Among the lines below, output only those between the line holding "查看的时候将无法看到当时最准确的值。这也是为什么 watch 命令存在的意义。" and the line holding "簡単 ネイルシール シェル", inclusive, exactly as written and with no pictures.

> [TASK INPUTS]
○ ○ ○ ○ ○

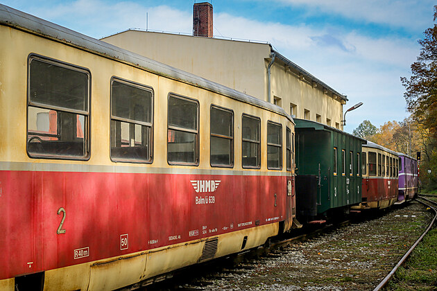 Lokomotivy i vagony, které ještě před třemi lety vozily turisty i lidi z okolí do práce nebo do školy, stojí na nádraží v Jindřichově Hradci. Některé vyjedou na koleje při speciálních jízdách.
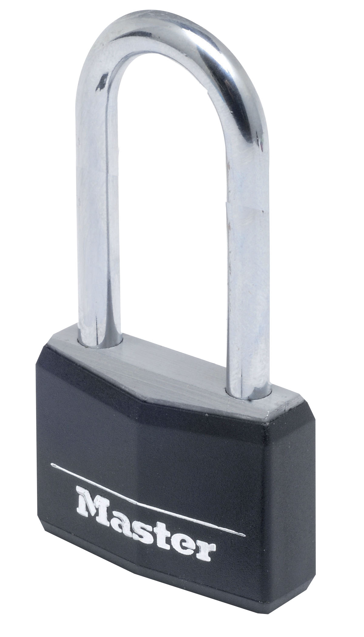 The Master Lock No. 9140EURDBLKLH Black Covered Solid Aluminum Padlock features a 40mm wide covered solid aluminum lock body that is durable and resists corrosion. The 6mm diameter shackle is 51mm long and made of hardened steel, offering extra resistance to cutting and sawing. The 4-pin cylinder prevents picking and the dual locking levers provide resistance against prying and hammering. The Limited Lifetime Warranty provides peace of mind from a brand you can trust.
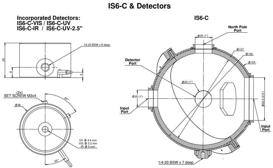 The IS6-C-IR is a 6” integrating spheres (5.3” inside) with a Germanium detector for use with collimated (C) beams. The IS6-C-IR comes with a IR detector, is calibrated from 700 to 1800nm and can measure up to 30W.
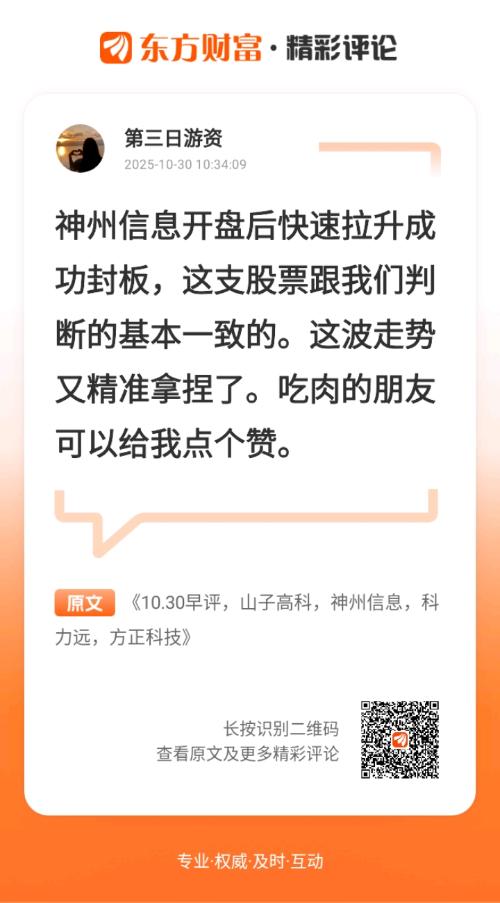 //@第三日游资 :神州信息开盘后快速拉升成功封板,这支股票跟我们判断的基本一致的。这波走势又精准拿捏了。吃肉的朋友可以给我点个赞。 $山东墨龙(SZ002490)$$安泰科技(SZ000969)$$平潭发展(SZ000592)$
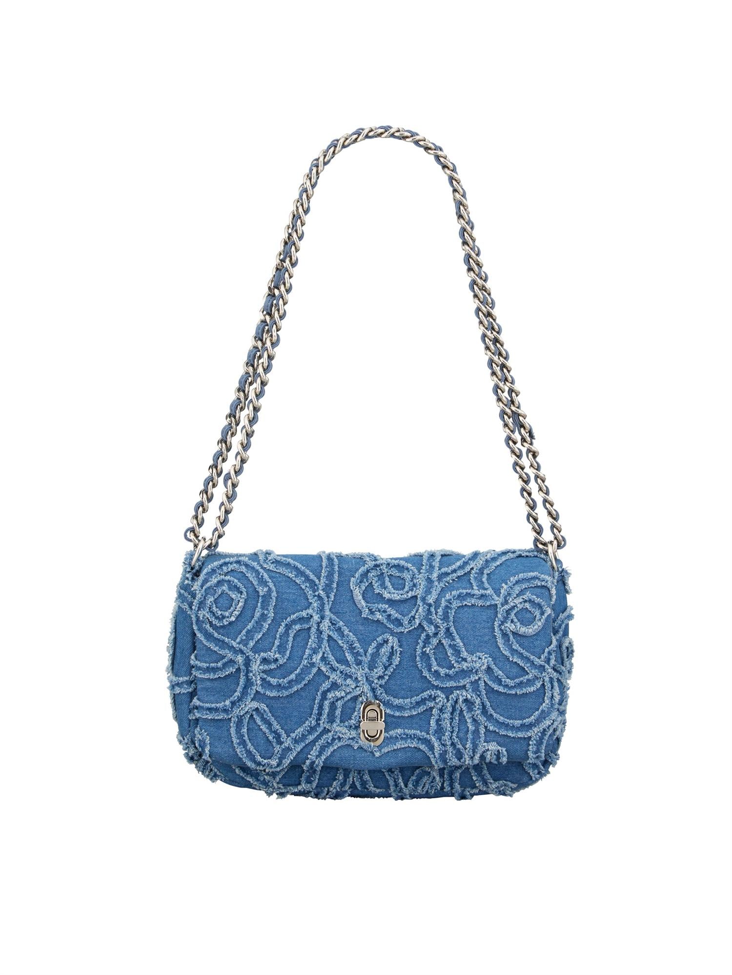 Den har en elegant klaff med dekorativ lås i front og en solid skulderrem i metallkjede med denimdetaljer, som gir et røft, men sofistikert preg. Størrelsen gjør den perfekt til både hverdagsbruk og fest – med plass til det viktigste du trenger gjennom dagen eller kvelden.
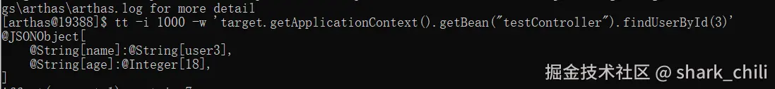 需要强调的是,tt 命令是将当前环境的对象引用保存起来,但仅仅也只能保存一个引用而已。如果方法内部对入参进行了变更,或者返回的对象经过了后续的处理,那么在 tt 查看的时候将无法看到当时最准确的值。这也是为什么 watch 命令存在的意义。
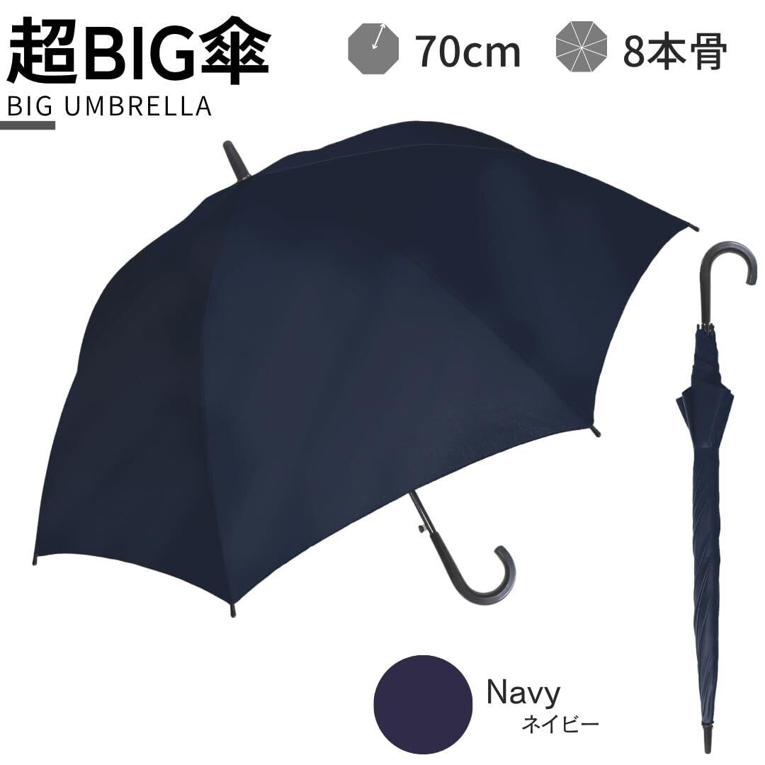 まるで生地傘!70cmのビッグサイズ、尚且つ耐風仕様で強い雨もしっかりガード!
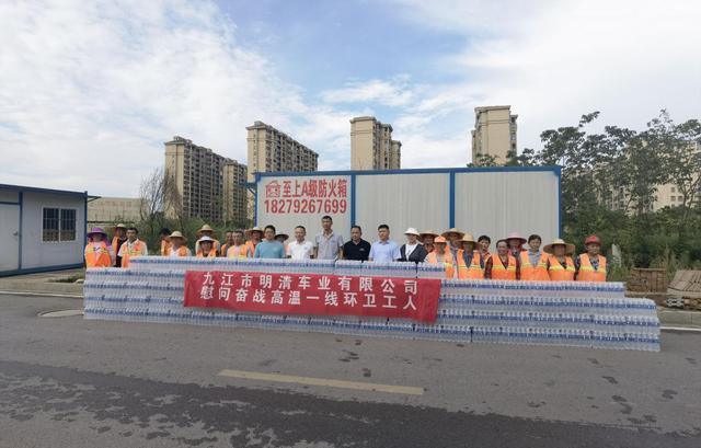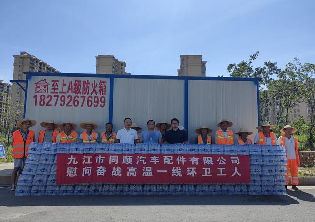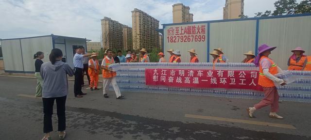 7月22日,时值三伏天,酷暑高温时刻“烤”验着奋战在一线的“城市美容师”们,九江市明清车业有限公司总经理何营、副总经理陈世军与九江市同顺汽车配件有限公司总经理张冰一行来到九江经开区玉禾田环境发展有限公司奉献自己的拳拳爱心,各自送来100件矿泉水,向奋战在高温一线岗位的保洁员们送去关怀。
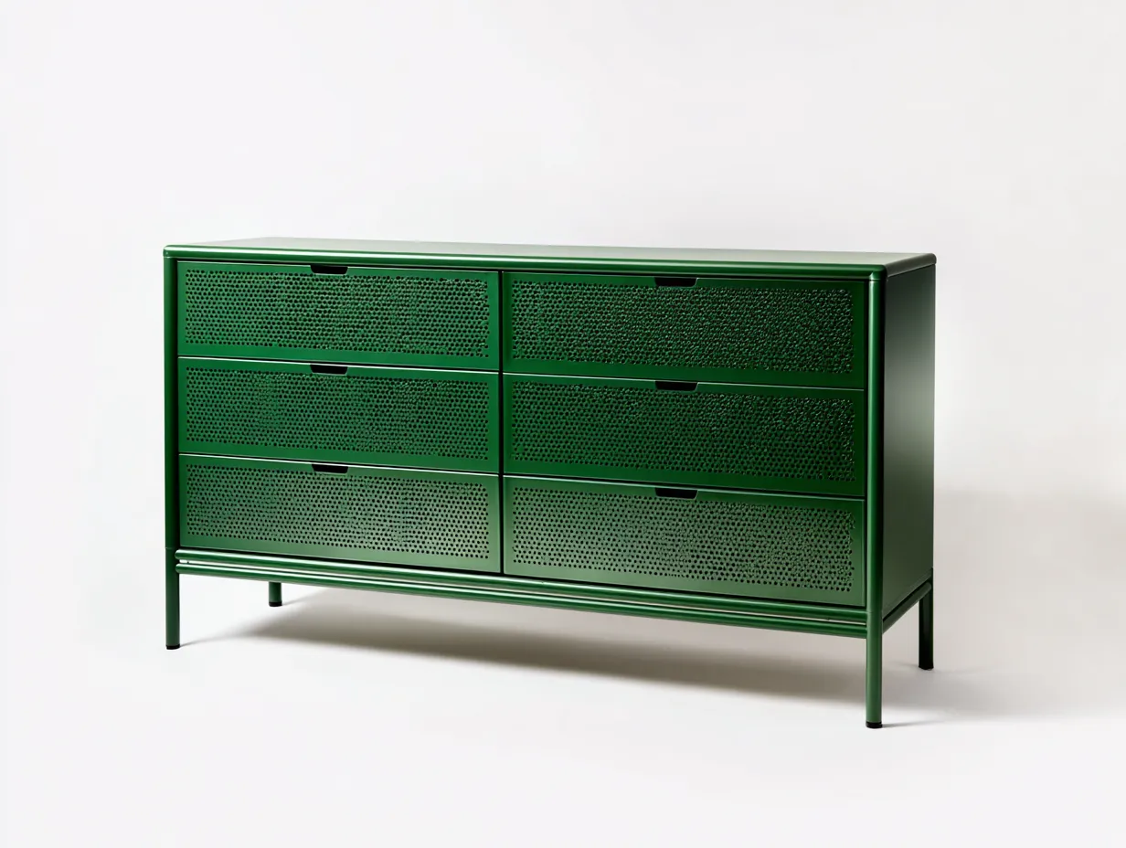 Esta cómoda metálica en verde intenso combina capacidad de almacenaje y una estética industrial limpia, ideal para dormitorios, estudios o espacios auxiliares que buscan una pieza funcional con personalidad. Su frente perforado aporta textura visual y una imagen ligera, mientras que la estructura elevada refuerza un estilo moderno y práctico. El formato horizontal permite integrarla fácilmente en interiores contemporáneos, urbanos o de inspiración utilitaria.
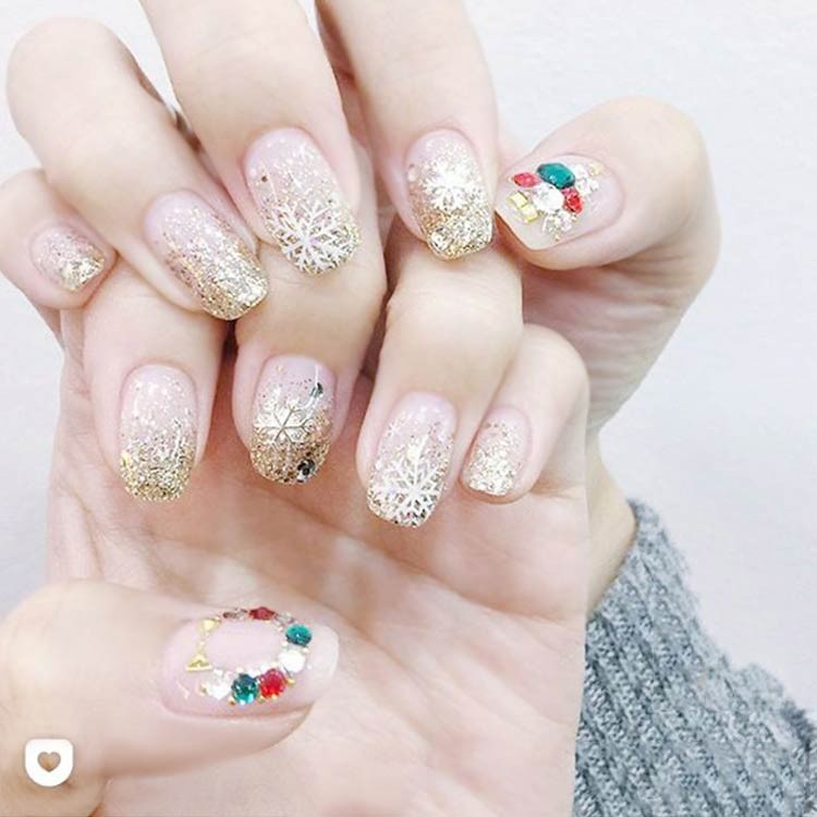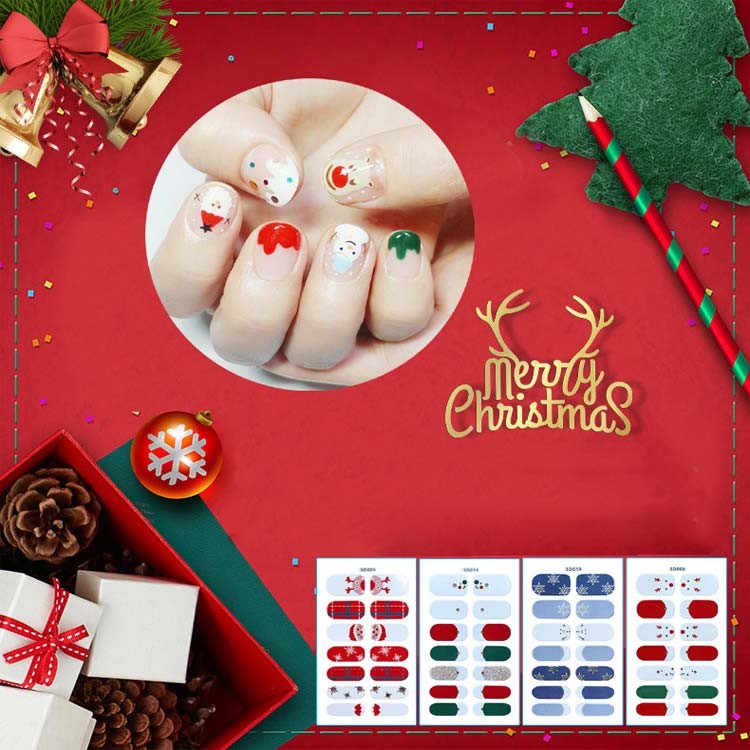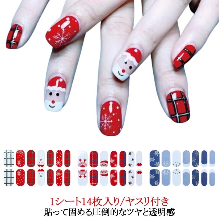 簡単 ネイルシール シェル 1シート14枚入り ヤスリ付き ネイル ジェルネイルシール 上品 指 ゴールド クリスマスデザイン セルフ ネイルアート おしゃれ かわいい
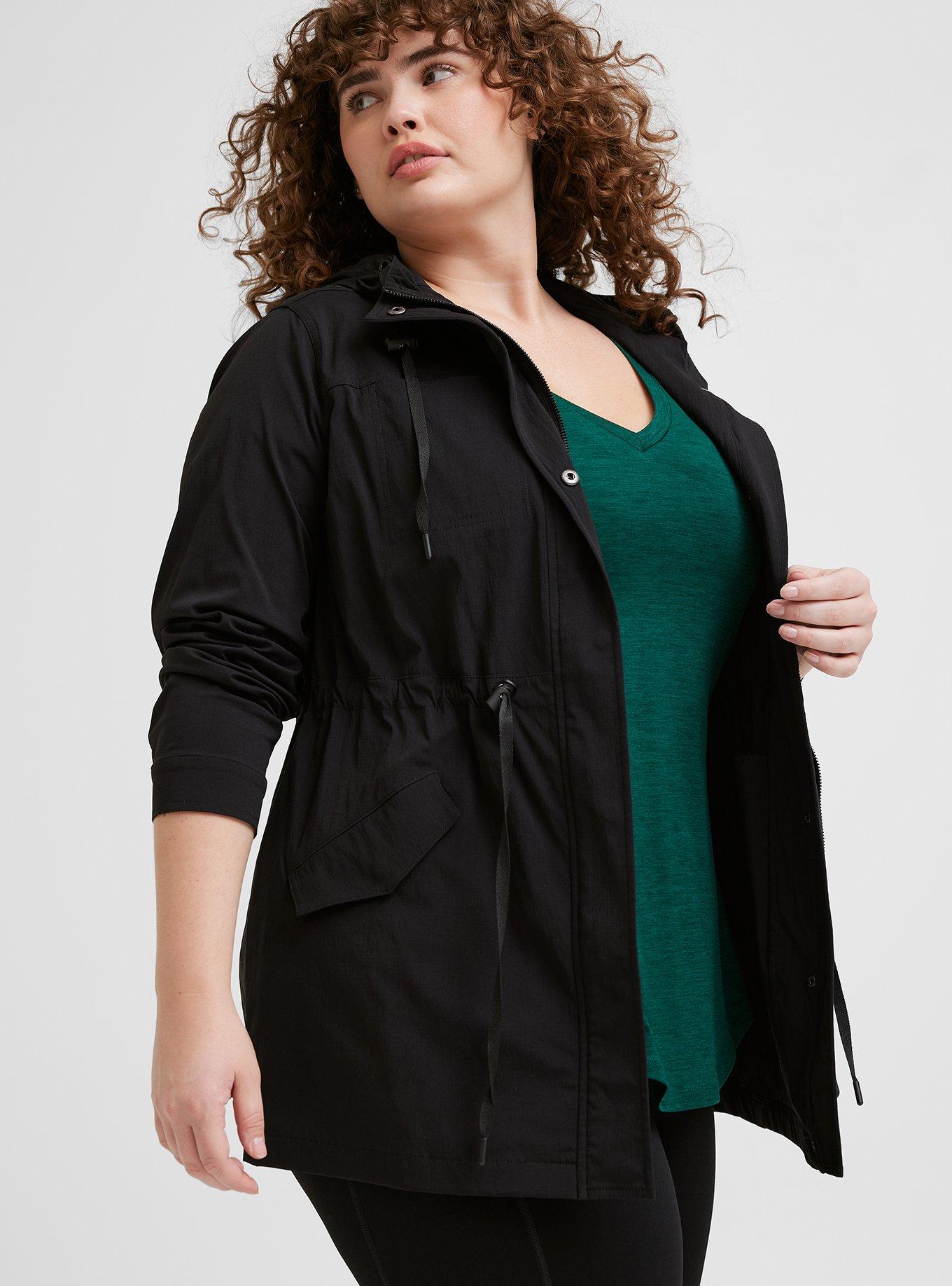 FIT Measures 33'' from shoulder (size 2). MATERIALS + CARE Active ripstop woven fabric. 95% nylon, 5% spandex. Machine wash cold. Tumble dry low. Imported. DETAILS Hooded neckline. Long sleeves. Inner adjustable waist drawcord. Snap button sleeve closure. Functional chest & side pockets.

○ ○ ○ ○ ○

> [ANSWER BELOW]
 需要强调的是,tt 命令是将当前环境的对象引用保存起来,但仅仅也只能保存一个引用而已。如果方法内部对入参进行了变更,或者返回的对象经过了后续的处理,那么在 tt 查看的时候将无法看到当时最准确的值。这也是为什么 watch 命令存在的意义。
 まるで生地傘!70cmのビッグサイズ、尚且つ耐風仕様で強い雨もしっかりガード!
 7月22日,时值三伏天,酷暑高温时刻“烤”验着奋战在一线的“城市美容师”们,九江市明清车业有限公司总经理何营、副总经理陈世军与九江市同顺汽车配件有限公司总经理张冰一行来到九江经开区玉禾田环境发展有限公司奉献自己的拳拳爱心,各自送来100件矿泉水,向奋战在高温一线岗位的保洁员们送去关怀。
 Esta cómoda metálica en verde intenso combina capacidad de almacenaje y una estética industrial limpia, ideal para dormitorios, estudios o espacios auxiliares que buscan una pieza funcional con personalidad. Su frente perforado aporta textura visual y una imagen ligera, mientras que la estructura elevada refuerza un estilo moderno y práctico. El formato horizontal permite integrarla fácilmente en interiores contemporáneos, urbanos o de inspiración utilitaria.
 簡単 ネイルシール シェル 1シート14枚入り ヤスリ付き ネイル ジェルネイルシール 上品 指 ゴールド クリスマスデザイン セルフ ネイルアート おしゃれ かわいい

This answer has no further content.